Зыбиться голубоватое сияние, и на краю родятся и пропадают неуловимые марева.
— ...Обезьяна даже, то-то смеху, чисто человек. А вечером на деревне хоровод... далеко слышно...
Молчание, и не разберешь, долго ли, коротки. И в него крикливо врывается злой бабий голос:
— Сдохнешь, ни дня тут не останусь. Продам али посажу арендателя — и ффью!..
Она свистит грубо, по-мужски, и на старика блестят серые злые глаза.
Старик двигает заросшим волосатым ртом. Он подался, постарел. Не слышит или пропускает мимо ушей ее слова и шамшит, двигая волосами вокруг рта и глядя слезящимися глазами на пески.
— Да-а... все занесло... а тоже весело, как молодой был... Наш хутор вон за энтим бугром стоял, а за хутором сад, а за садом поле... Соберемся, бывало, за садом, водки наберем, пряников, девок соберем, тоже хороводы водили. А у отца лошади были — звери. Заложим лошадей, девок по хутору катаем. А за энтими кучугурами озеро было, большое лесное озеро было, све-етлое. Острогой хорошо рыбу били... по осени...
Долго шевелит круглым волосатым ртом.
— Богато жили, ста три овец, рогатого скота водили, а бабы на шее серебряные монеты носили.
И он все шевелит и шамкает круглым волосатым ртом.
Зыбиться голубоватое сияние, родятся, тают марева, бродят отары овец, блестят лесные озера, звякают на шее у баб целковики, белеют хаты, и крыши мерещатся на смутно неясном небе...
Нет, это — песчаные бугры, и бело под лунным светом.
Тополя темнеют, остро протянувшиеся и неподвижные.
Нет, это узко протянулись тени от бугров, длинные и мертвые.
Она кладет голову на руки, ставит локти на колени и тоже глядит, вытянув шею, и видит за краем, где маячат марева, видит ярмарку в Шевырине, смех, шутки... жаркая ласка... крепко и грубо обнимающие руки... кудрявая голова...
Ее голос, чужой и далекий, звучит возле:
— Как кладбище... Ни-ичего тебе!.. Все было!..
VII
Казалось, все было недавно: недавно скрипели в лесу колеса, недавно плыла по лесу женская песня, недавно...

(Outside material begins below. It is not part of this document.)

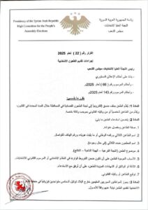 اللجنة العليا لانتخابات مجلس الشعب تصدر القرار رقم /22/ المتضمن إجراءات تقديم الطعون الانتخابية. في آب 26, 2025 شارك شارك FacebookWhatsAppFacebook MessengerTelegramTwitter

Но иногда старик говорил, гулко стуча ногой по дереву:
— Во... и это надо срубить!..
И тогда она широко глядела испуганными глазами: безлистные ветки сухо и серо рисовались, бесплодные, по голубому небу, и обнаженные корни обломано торчали из рассыпчатого песка.
А когда вышла за старика, часто сиживала тут в густой тени, и сочные листья шептались над ней, сиживала на мягкой шелковисто-зеленевшей траве. И вставал ужас уходящего времени.
Уже много таких деревьев с тех пор порубили, и все больше редел лес. Песок незримо, но неустанно и неотвратимо вползал. Он невинно пробирался тоненькими незаметными извилинами и язычками, пробирался между кустами, между корнями, меж трав и цветов, глядь, а уже посохли корни, поникли цветы, пропала трава, улетели птицы, и печально стоят обнаженные деревья.
И опять — забывались, уходили в тень живых деревьев, лежали на зеленеющей траве, в листве гомозились и шныряли неугомонные птицы, уходили годы.